Старушка ничего не отвечала. Она положила голову на ладонь и, подавив вздох, медленно пошла к избам.
Ступив на двор, она прямехонько натолкнулась на Глеба.
Мужественное лицо старого рыбака было красно-багрового цвета, как будто он только что вышел из бани, где парился через меру. Черты его исчезали посреди опухлости, которая особенно резко проступала вокруг глаз, оттененных мрачно нависнувшими бровями. Старушка заметила с удивлением, что в эти три дня муж ее поседел совершенно.

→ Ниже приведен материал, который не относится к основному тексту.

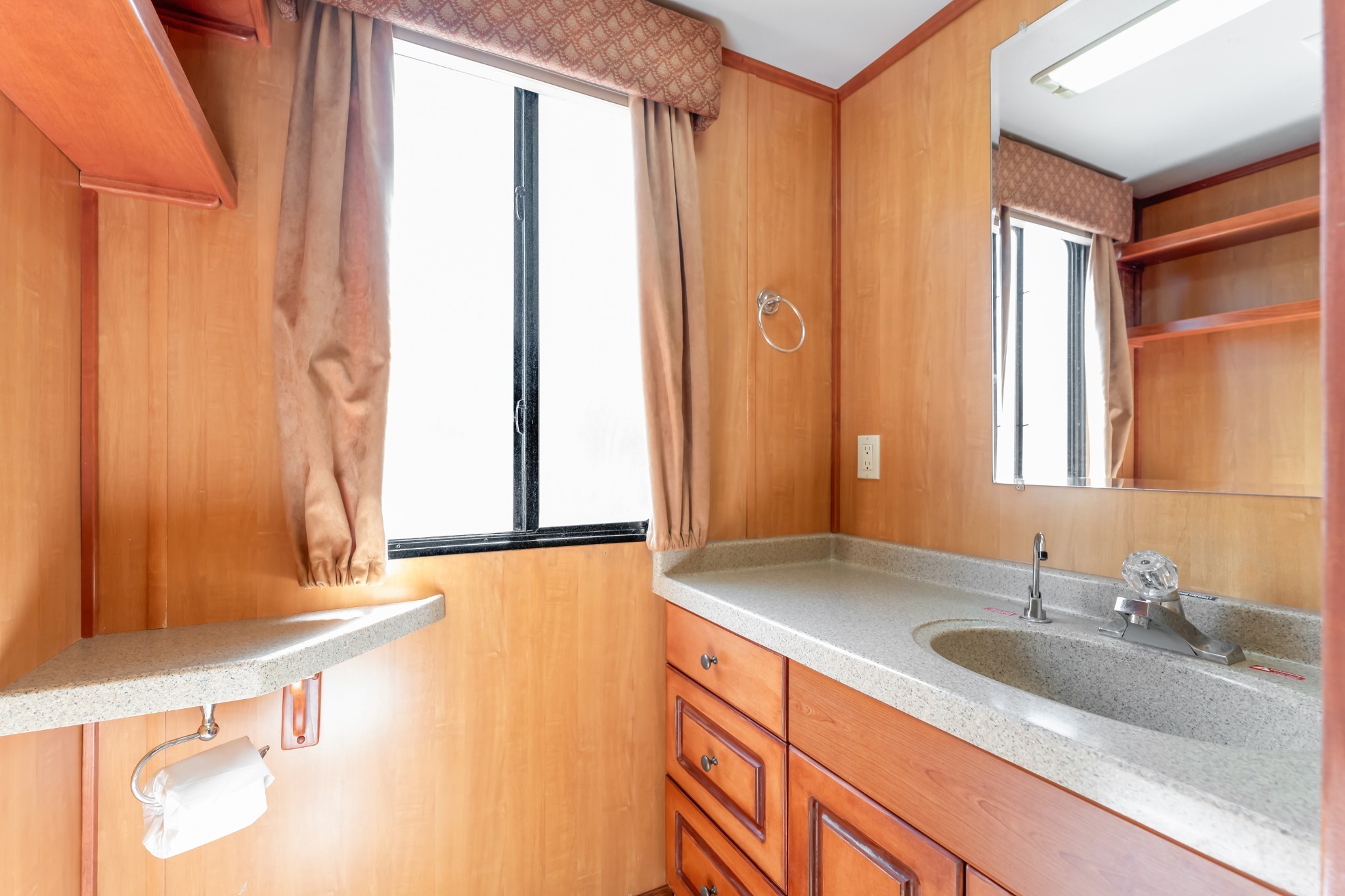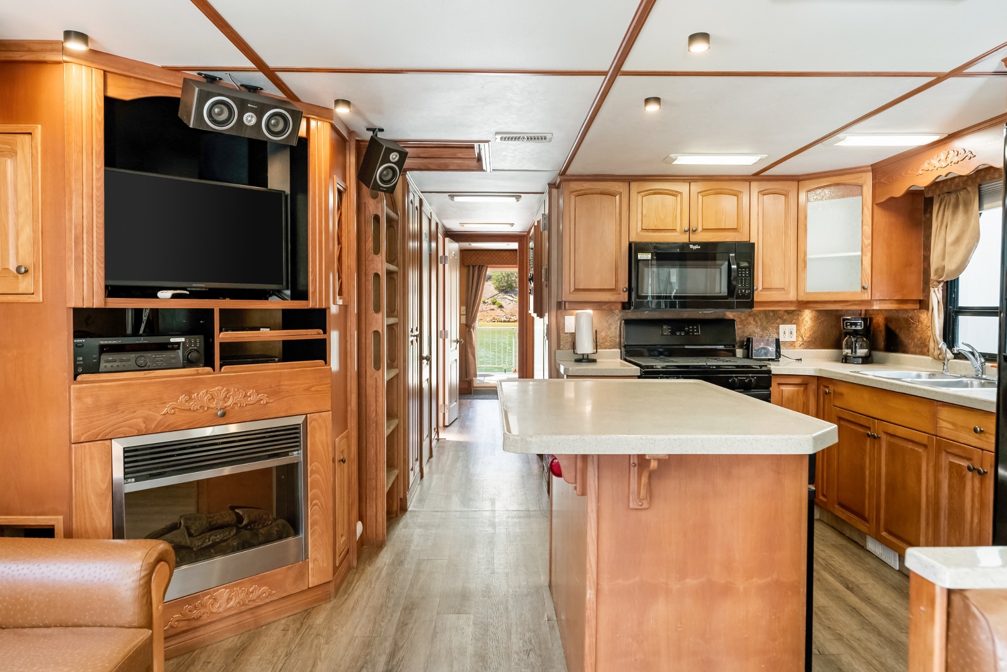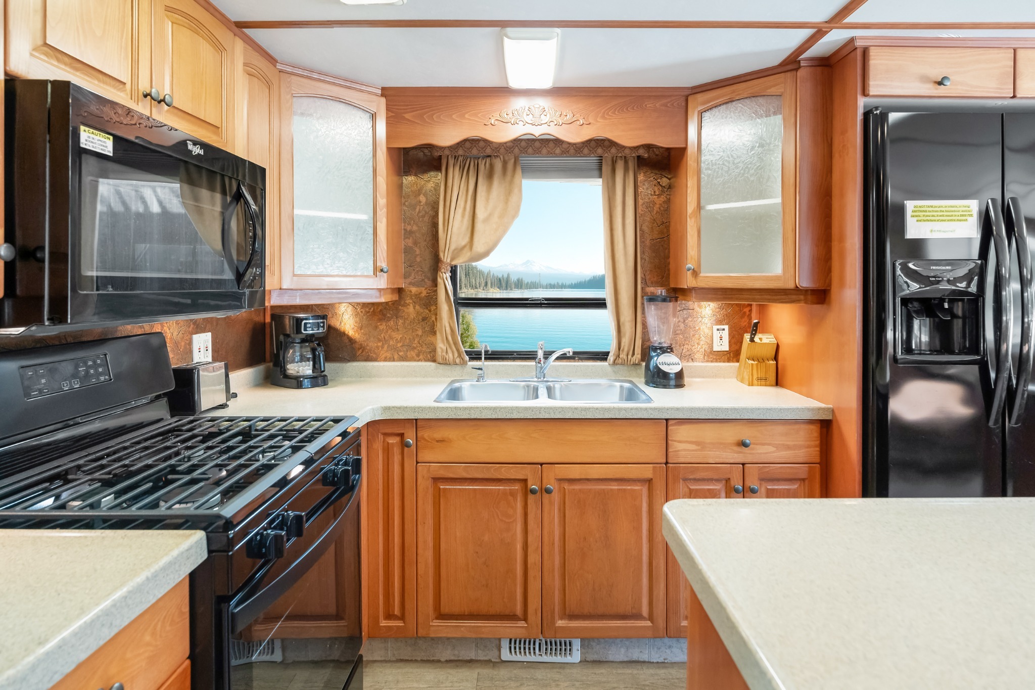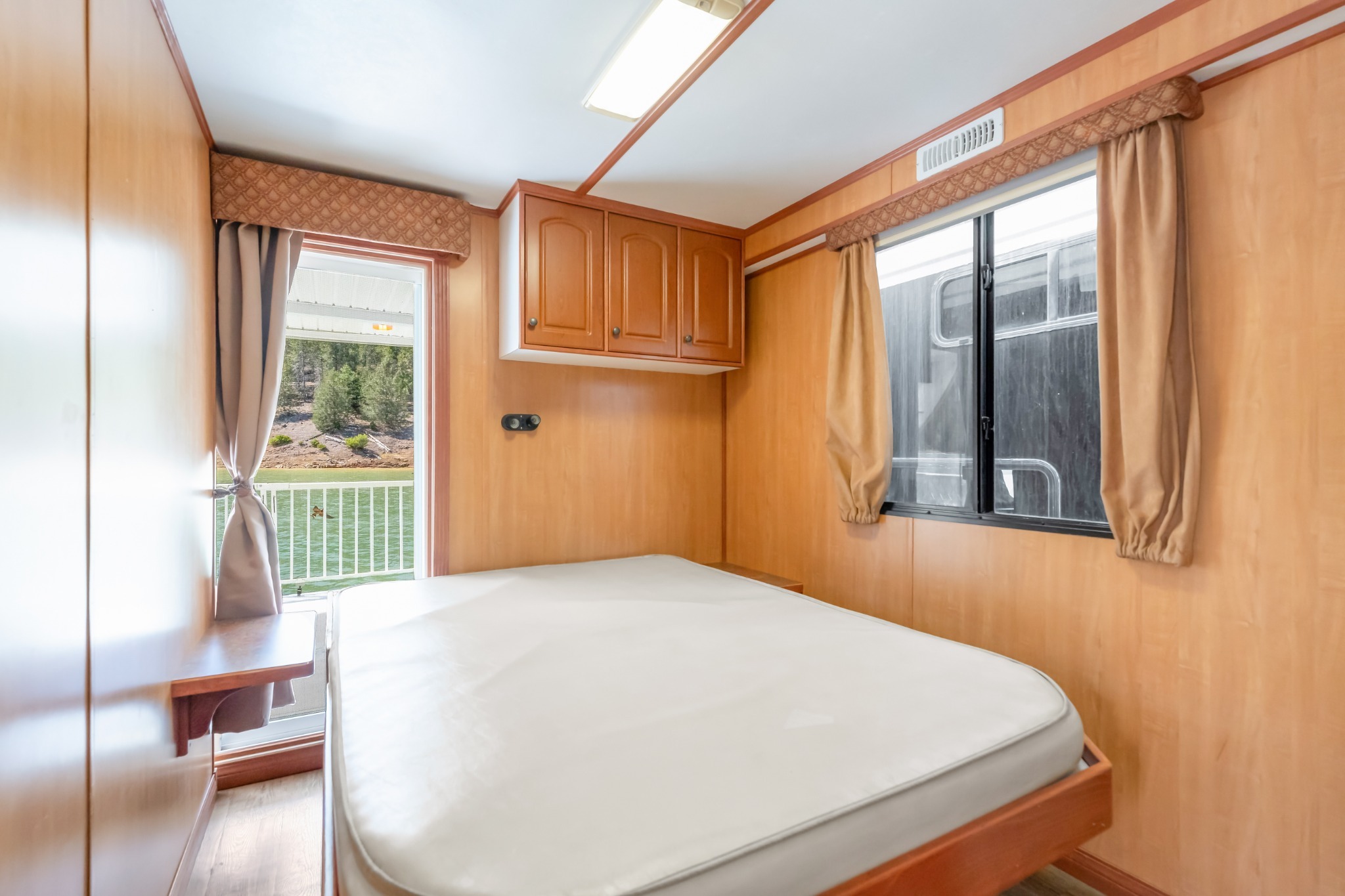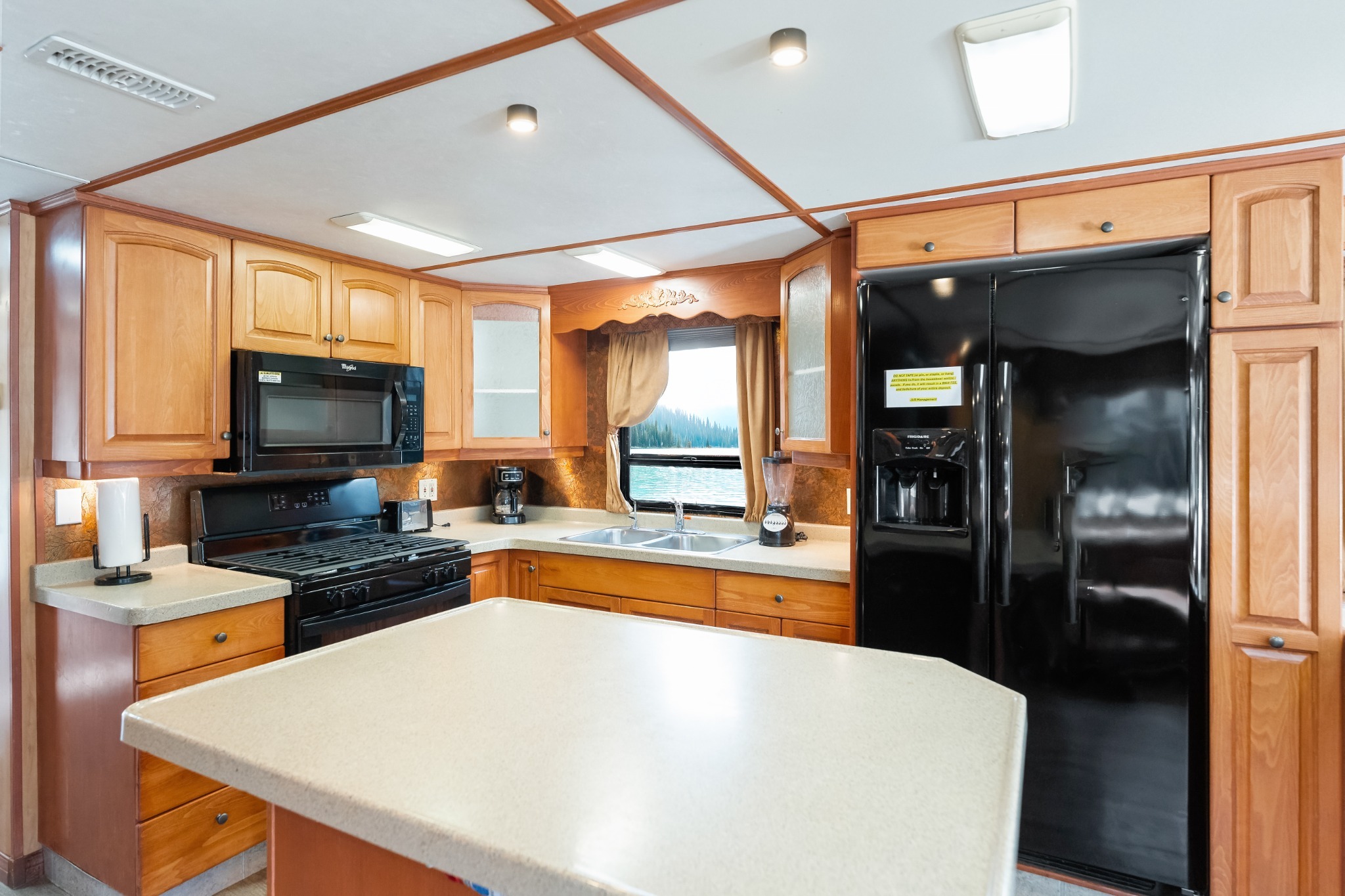On the upper deck, you’ll find a 6-person hot tub, waterslide, outdoor TV, observation counter, and a second galley with a BBQ and fridge, all shaded by a fiberglass hardtop with ceiling fans. Whether you’re cooking, relaxing, or taking in the view, the Escapade ensures a memorable stay on Shasta Lake.

Горе старушки уступило на минуту место беспокойству, которое пробудила в ней наружность мужа.
- Батюшка, Христос с тобою! На тебе ведь лица, касатик, нету! - воскликнула она, опуская руки. - Вот, почитай, третьи сутки не ел, не пил ничевохонько! Что мудреного! Уж не хвороба ль какая заела тебя? Помилуй бог! - продолжала она, между тем как муж мрачно глядел в совершенно противоположную сторону. - Ты бы на себя поглядел: весь распух, лицо красное-красное… Должно быть, кровь добре привалила… О-ох, ты, батюшка, до греха, сходил бы в Сосновку - кровь кинул… Все бы маленько поотлегло… Сходи-ка с богом… право-ну!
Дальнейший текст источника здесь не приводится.